Jennifer Sleeman, Milton Halem, Tim Finin and Mark Cane, Discovering Scientific Influence using Cross-Domain Dynamic Topic Modeling, International Conference on Big Data, IEEE, December 2017.

We describe an approach using dynamic topic modeling to model influence and predict future trends in a scientific discipline. Our study focuses on climate change and uses assessment reports of the Intergovernmental Panel on Climate Change (IPCC) and the papers they cite. Since 1990, an IPCC report has been published every five years that includes four separate volumes, each of which has many chapters. Each report cites tens of thousands of research papers, which comprise a correlated dataset of temporally grounded documents. We use a custom dynamic topic modeling algorithm to generate topics for both datasets and apply crossdomain analytics to identify the correlations between the IPCC chapters and their cited documents. The approach reveals both the influence of the cited research on the reports and how previous research citations have evolved over time. For the IPCC use case, the report topic model used 410 documents and a vocabulary of 5911 terms while the citations topic model was based on 200K research papers and a vocabulary more than 25K terms. We show that our approach can predict the importance of its extracted topics on future IPCC assessments through the use of cross domain correlations, Jensen-Shannon divergences and cluster analytics.

Jennifer Sleeman dissertation defense: Dynamic Data Assimilation for Topic Modeling

June 27th, 2017, by Tim Finin, posted in Big data, Earth science, Machine Learning, NLP, Ontologies, Semantic Web

Ph.D. Dissertation Defense

Dynamic Data Assimilation for Topic Modeling

Jennifer Sleeman
9:00am Thursday, 29 June 2017, ITE 325b, UMBC

Understanding how a particular discipline such as climate science evolves over time has received renewed interest. By understanding this evolution, predicting the future direction of that discipline becomes more achievable. Dynamic Topic Modeling (DTM) has been applied to a number of disciplines to model topic evolution as a means to learn how a particular scientific discipline and its underlying concepts are changing. Understanding how a discipline evolves, and its internal and external influences, can be complicated by how the information retrieved over time is integrated. There are different techniques used to integrate sources of information, however, less research has been dedicated to understanding how to integrate these sources over time. The method of data assimilation is commonly used in a number of scientific disciplines to both understand and make predictions of various phenomena, using numerical models and assimilated observational data over time.

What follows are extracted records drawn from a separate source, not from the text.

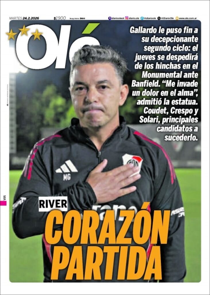 Olé, como era de esperarse, se concentra en la renuncia de Marcelo Gallardo a la conducción técnica de River. El DT millonario deja su cargo luego de varias derrotas; en este segundo ciclo, el “Muñeco” dirigió 84 partidos (35 victorias, 32 empates y 17 derrotas).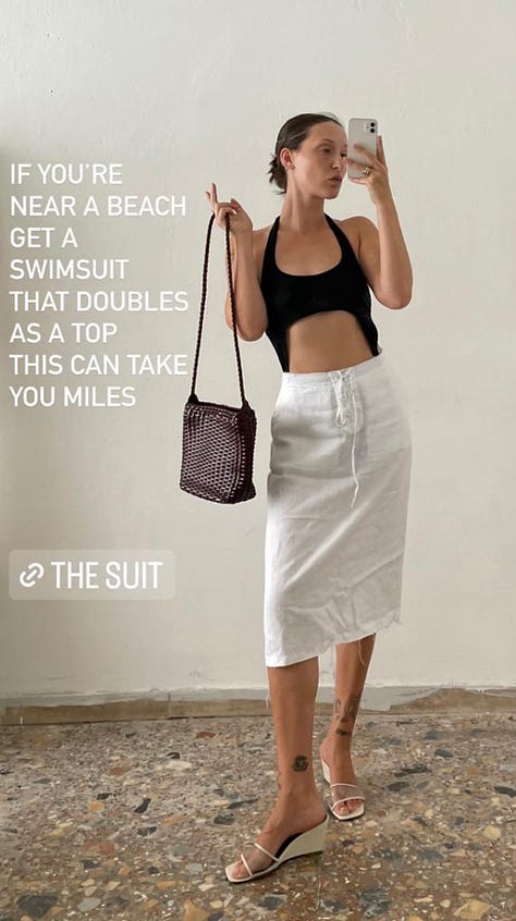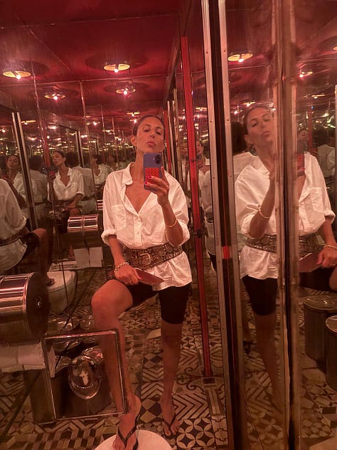 A big part of it stems from anonymity. Not the invisibility that comes from dressing like everyone else, rather the liberating kind…where no one knows your name, your title, your usual hemline. Where your unread emails can't reach you and neither can your better judgement. It’s the closest thing to being feral in a controlled setting. Nothing invites the undoing like heat, humidity and a Campari spritz before noon.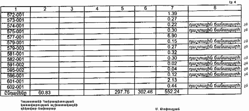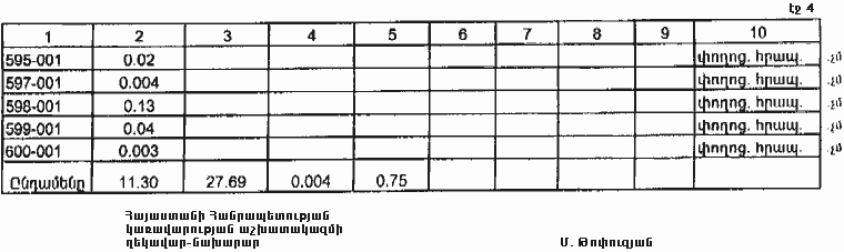 4. Ընդունել ի գիտություն Հայաստանի Հանրապետության Լոռու մարզի Քարաբերդի գյուղական համայնքի հողային ֆոնդի առկայության և բաշխման մասին հաշվետվությունը՝ 2005 թվականի հունվարի 1-ի դրությամբ՝ համաձայն N 8 հավելվածի: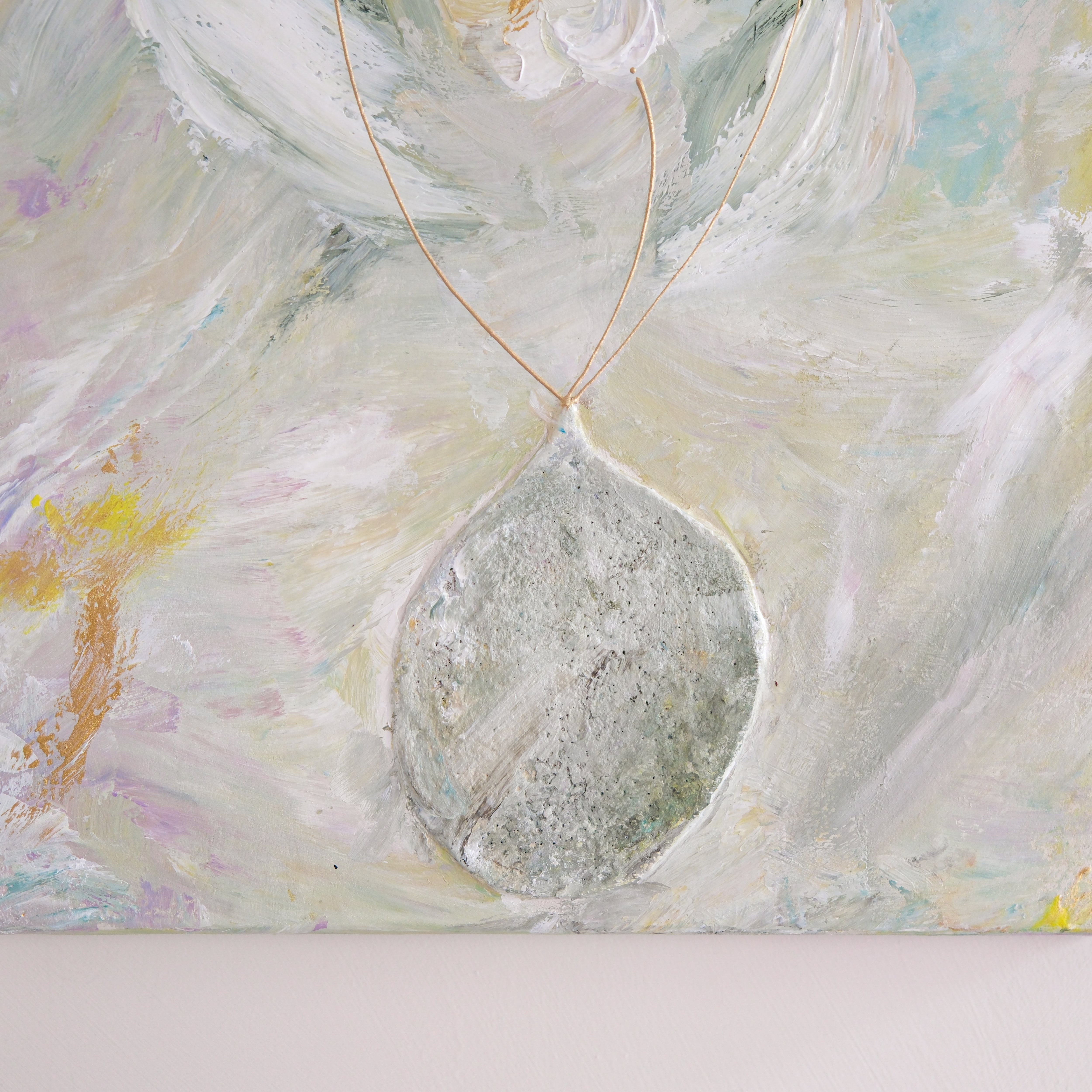 和色を何層にも重ね、春の風をテーマに作品を描きました。

In this dissertation, I introduce a novel algorithm for scientific data assimilation, called Dynamic Data Assimilation for Topic Modeling (DDATM), which uses a new cross-domain divergence method (CDDM) and DTM. By using DDATM, observational data in the form of full-text research papers can be assimilated over time starting from an initial model. DDATM can be used as a way to integrate data from multiple sources and, due to its robustness, can exploit the assimilating observational information to better tolerate missing model information. When compared with a DTM model, the assimilated model is shown to have better performance using standard topic modeling measures, including perplexity and topic coherence. The DDATM method is suitable for prediction and results in higher likelihood for subsequent documents. DDATM is able to overcome missing information during the assimilation process when compared with a DTM model. CDDM generalizes as a method that can also bring together multiple disciplines into one cohesive model enabling the identification of related concepts and documents across disciplines and time periods. Finally, grounding the topic modeling process with an ontology improves the quality of the topics and enables a more granular understanding of concept relatedness and cross-domain influence.

The results of this dissertation are demonstrated and evaluated by applying DDATM to 30 years of reports from the Intergovernmental Panel on Climate Change (IPCC) along with more than 150,000 documents that they cite to show the evolution of the physical basis of climate change.

Committee Members: Drs. Tim Finin (co-advisor), Milton Halem (co-advisor), Anupam Joshi, Tim Oates, Cynthia Matuszek, Mark Cane, Rafael Alonso

Persistent Identifiers for Earth Science Provenance

February 23rd, 2009, by Tim Finin, posted in Earth science, Semantic Web

In this week’s ebiquity meeting (10:00am EDT Wed 2/25, ITE 325), Curt Tilmes will talk on “Persistent Identifiers for Earth Science Provenance“.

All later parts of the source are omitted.